Data extract:
.....

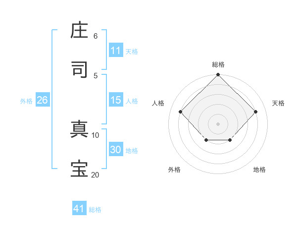 庄司 真宝さんの総格は41画の5点!
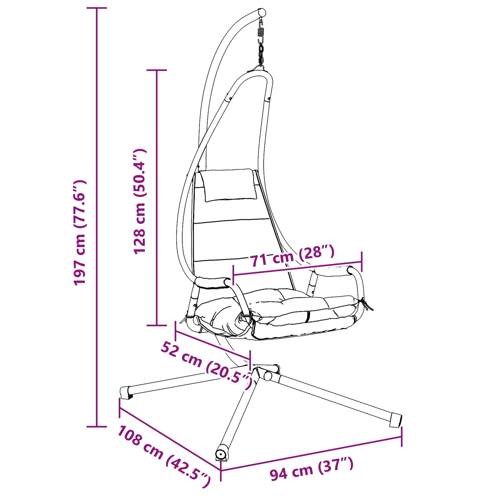 • Robustná konštrukcia: Vyrobená z pevných kovov a mäkkej látky, táto hojdačka poskytuje silnú oporu a pohodlie pri sedení. Je ideálna na vonkajšie relaxovanie.
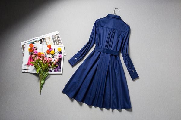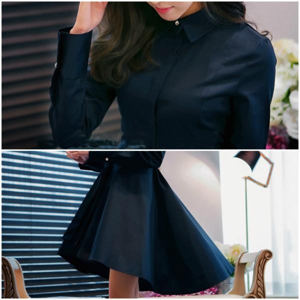 パフスリーブ リボンベルテッド フレア シャツワンピース

.....

Task requirements:
In the listing above, find the line containing "na vonkajšie relaxovanie." and restate it and every later line verbatim, with the pictures left out.

Response to this exercise:
 • Robustná konštrukcia: Vyrobená z pevných kovov a mäkkej látky, táto hojdačka poskytuje silnú oporu a pohodlie pri sedení. Je ideálna na vonkajšie relaxovanie.
 パフスリーブ リボンベルテッド フレア シャツワンピース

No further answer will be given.